Genetic Algorithm with Graph Representation

Molecules

One approach to drug design is to find molecules similar to good drugs. Ideally, a candidate replacement drug is sufficiently similar to have the same beneficial effect, but is different enough to avoid negative side effects. To use genetic algorithms for similarity-based drug discovery, we need a good similarity measure that can score any molecule. [Carhart, et al. 1985] defined such a similarity measure, all-atom-pairs-shortest-path, and searched a large database for molecules similar to diazepam. We used this similarity measure to evolve a population of molecules towards a target molecule.

JavaGenes uses undirected graphs to represent molecules. Vertices are typed by atomic element. Edges can be single, double, or triple bonds. Valence is enforced. Heavy atoms (non-hydrogen atoms) are explicitly represented by vertices, but hydrogen atoms are implicit; i.e., any heavy atom with an unfilled valence is assumed to be bonded to hydrogen atoms, but these are not represented in the data structure. Enforcing valence and ignoring hydrogen reduces the size of the search space.

Each individual in the initial population was generated by the following algorithm:

atoms = random number between half and twice the number in the target molecule

rings = random number between half and twice the number in the target molecule

while (true)

for some number of tries

choose first atom at random
for atoms-1

if possible, add random atom bonded (with random bond) to a random existing atom, respecting valence

for number of rings

if possible, add random bond between two randomly chosen atoms, respecting valence

if molecule has correct number of atoms and rings, return molecule

rings--

The random atoms were chosen with equal probability from the elements in the target molecule. Thus, the initial population of a run searching for cholesterol would have roughly equal numbers of carbon and oxygen atoms. The random bonds (single, double, or triple) were chosen with equal probability from the bond types in the target molecule. The last step (rings--) is necessary because it is possible to run out of empty valence before molecular construction is complete. Consider the case where the first atom is chlorine. If the second atom is also chlorine, the two chlorine atoms must share a single bond and the valence of both atoms will be filled, so no additional atoms may be added. If the random generation algorithm fails to make a molecule with the proper number of atoms and rings, then the algorithm tries again. Some choices of "atoms" and "rings" require a molecule with more rings than is possible given the number of atoms. Consider searching for cubane. If atoms = 4 and rings = 16, it is impossible to build a molecule that matches the specification. Therefore, after trying to generate a molecule several times, the algorithm will reduce the number of required rings by one and try again.

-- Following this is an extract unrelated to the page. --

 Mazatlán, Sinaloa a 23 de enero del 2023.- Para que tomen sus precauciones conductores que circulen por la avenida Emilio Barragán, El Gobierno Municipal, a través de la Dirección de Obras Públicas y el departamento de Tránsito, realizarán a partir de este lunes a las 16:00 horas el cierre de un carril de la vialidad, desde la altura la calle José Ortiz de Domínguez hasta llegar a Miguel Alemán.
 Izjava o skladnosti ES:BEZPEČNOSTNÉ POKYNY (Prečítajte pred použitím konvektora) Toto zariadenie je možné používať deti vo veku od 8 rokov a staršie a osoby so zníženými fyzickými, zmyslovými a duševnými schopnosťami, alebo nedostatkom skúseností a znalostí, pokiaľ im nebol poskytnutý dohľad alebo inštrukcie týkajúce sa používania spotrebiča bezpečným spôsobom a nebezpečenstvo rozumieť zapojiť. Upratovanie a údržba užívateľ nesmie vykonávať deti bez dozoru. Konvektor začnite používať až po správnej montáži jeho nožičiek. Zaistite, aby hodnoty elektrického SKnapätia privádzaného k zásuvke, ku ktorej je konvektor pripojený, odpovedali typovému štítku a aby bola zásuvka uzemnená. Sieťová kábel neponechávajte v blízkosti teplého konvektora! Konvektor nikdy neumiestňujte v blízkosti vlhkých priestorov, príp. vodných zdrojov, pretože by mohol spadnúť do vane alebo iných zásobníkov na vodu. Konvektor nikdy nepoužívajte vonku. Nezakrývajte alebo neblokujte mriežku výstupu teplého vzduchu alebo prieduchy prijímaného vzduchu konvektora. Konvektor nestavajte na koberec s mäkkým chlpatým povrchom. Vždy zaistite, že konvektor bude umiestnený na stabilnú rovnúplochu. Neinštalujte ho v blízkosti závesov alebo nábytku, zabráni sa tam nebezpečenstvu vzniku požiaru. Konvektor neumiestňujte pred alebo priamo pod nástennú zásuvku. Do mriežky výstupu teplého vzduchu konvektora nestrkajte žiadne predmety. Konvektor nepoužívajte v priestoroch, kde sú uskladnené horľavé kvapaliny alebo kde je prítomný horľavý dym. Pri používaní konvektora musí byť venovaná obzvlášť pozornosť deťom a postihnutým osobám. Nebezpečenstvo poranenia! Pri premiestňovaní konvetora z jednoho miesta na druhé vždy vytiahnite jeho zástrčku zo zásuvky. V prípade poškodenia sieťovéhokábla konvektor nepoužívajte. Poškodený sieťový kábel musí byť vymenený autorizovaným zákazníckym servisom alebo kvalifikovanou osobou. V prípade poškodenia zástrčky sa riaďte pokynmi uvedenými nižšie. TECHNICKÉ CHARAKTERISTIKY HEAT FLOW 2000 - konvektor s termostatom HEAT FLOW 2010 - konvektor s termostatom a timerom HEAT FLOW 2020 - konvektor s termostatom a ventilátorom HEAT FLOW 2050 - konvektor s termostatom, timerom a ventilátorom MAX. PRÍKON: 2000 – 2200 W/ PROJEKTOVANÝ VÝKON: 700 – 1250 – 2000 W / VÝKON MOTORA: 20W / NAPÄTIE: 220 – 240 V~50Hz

Since all of the target molecules contain at least one element with a valence of two or more, there is no hard limit to the number of atoms that may be in a molecule.

The number of rings, by our definition, is always equal to bonds – atoms + 1. For this definition, single, double, and triple bonds are counted as one bond each. This formula corresponds to the following unambiguous definition of the rings in a molecule taken from [Corey and Wipke1969]. In this definition:

the set of all rings must include all the bonds participating in any ring,

removing any ring will result in at least one bond not being included in any ring,

no ring may share more than half its bonds with any other ring,

and the set of rings chosen must be at least as large as any other set of rings with the first three properties.

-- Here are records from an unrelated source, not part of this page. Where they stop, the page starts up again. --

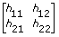 wobei h11, h12, h21 und h22 die Elemente der Rotationsmatrix sind.
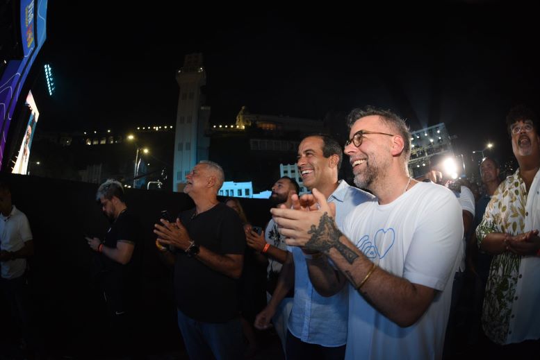 O prefeito Bruno Reis acompanhou neste sábado (6) as apresentações do espetáculo Salvador Capital Afro, na Praça Maria Felipa (Comércio), e disse que o evento, que integra as celebrações dos 475 anos da cidade, valoriza a cultura e as tradições da capital baiana. O show foi conduzido por Carlinhos Brown e Larissa Luz e contou com participações de Seu Jorge, Luedji Luna, Banda Didá e da escola de samba Viradouro.
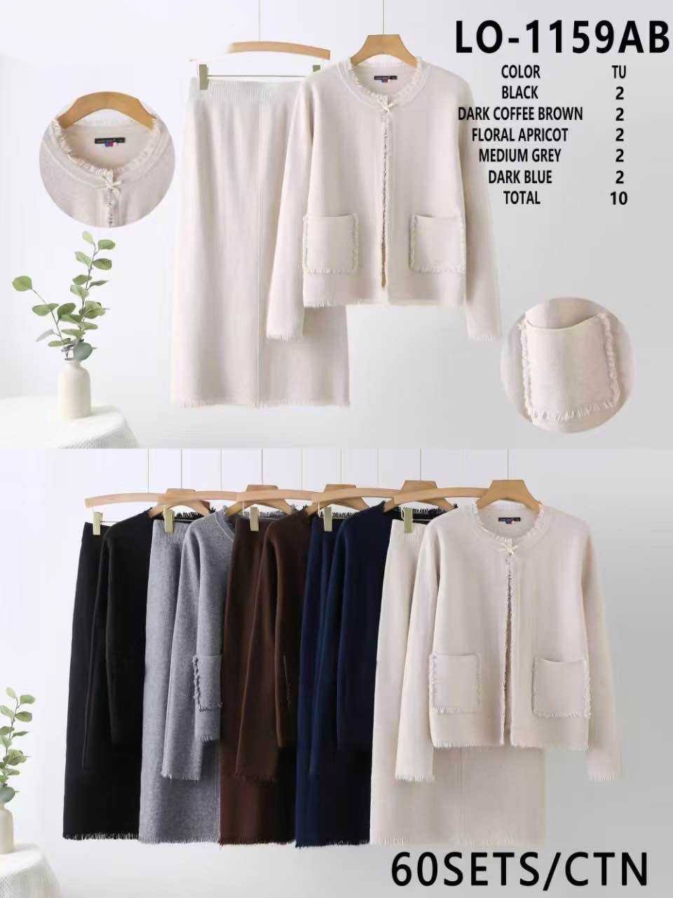 A knit suit featuring a tie-front cardigan with pockets and loose trousers with an elastic waistband.
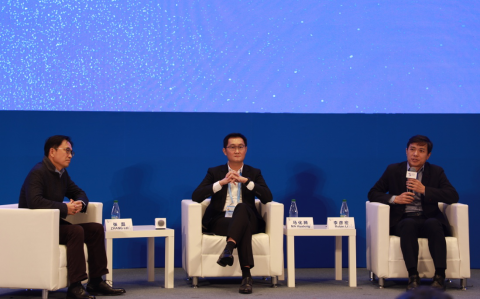 第五屆世界互聯(lián)網(wǎng)大會企業(yè)家高峰對話分論壇,高瓴資本張磊(左)、騰訊馬化騰(中)、百度李彥宏(右)
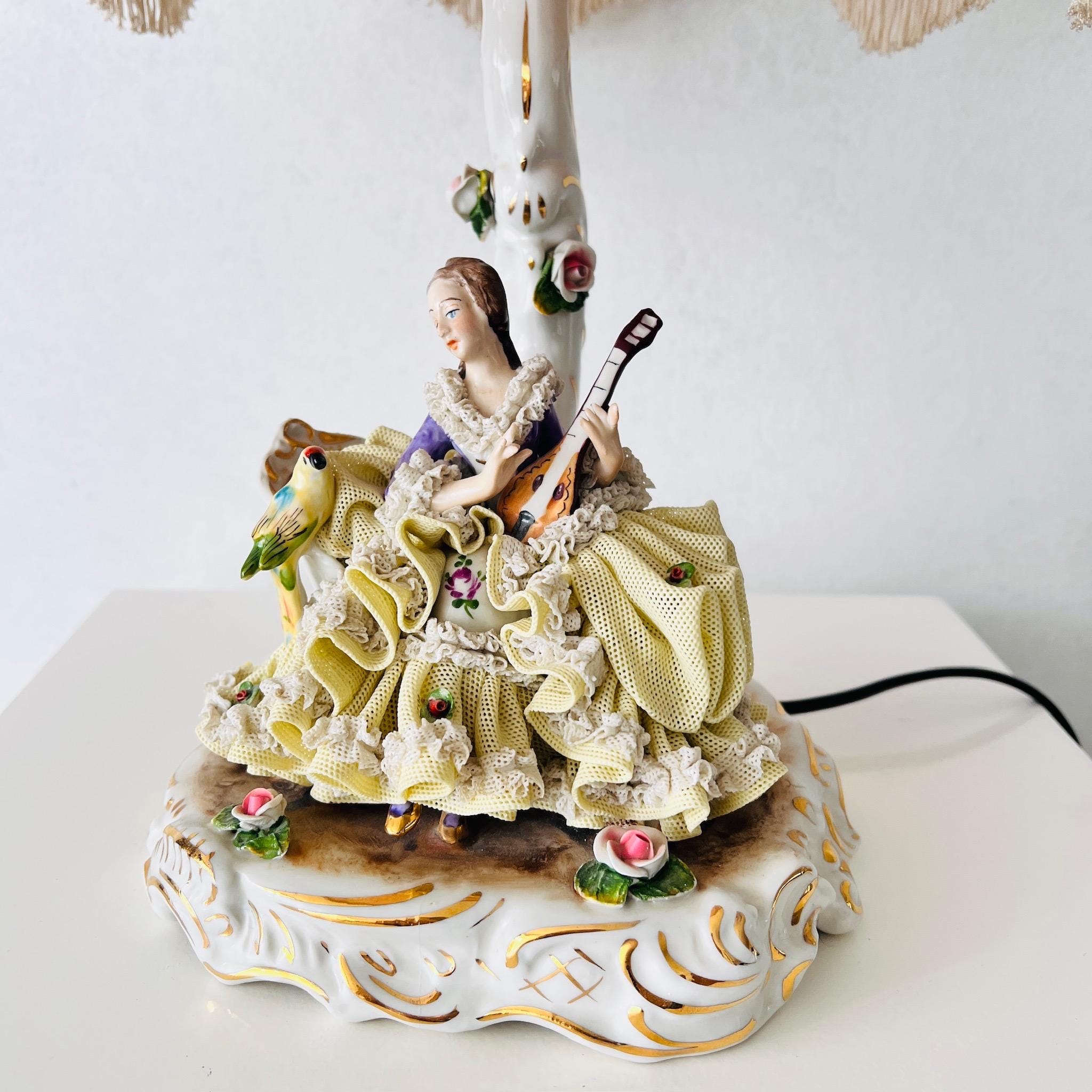 • Style: Victorian-inspired lady figure with intricate ruffled porcelain lace and gilt trim

While this definition is precise and easy to code, it comes to the interesting conclusion that cubane (a cubic molecule) has five rings, not six. Consider the six sides of cubane to be the six rings in the set of rings. If any one of the six rings is removed from the set of rings, all bonds are still included in the set of rings violating property #2. Therefore, only five rings are necessary to meet the definition.

Tournament selection was used to choose parents for a steady state genetic algorithm. Individuals to replace were also chosen by tournament, but the worst individual was selected for replacement. By convention, after population-size individuals have been replaced, we say that one generation is complete. Since we're interested in the properties of the crossover operator, for this study JavaGenes evolved populations using crossover only with no mutation.

To divide a molecule into two fragments we use the following procedure:

Choose an initial random bond

Repeat

Find the shortest path between the initial bond's vertices (the first time this will simply be the initial bond).
Remove and remember a random bond from this path. These bonds are called "broken edges."

Until a cut set is found, i.e., no path exists between the initial bond's vertices.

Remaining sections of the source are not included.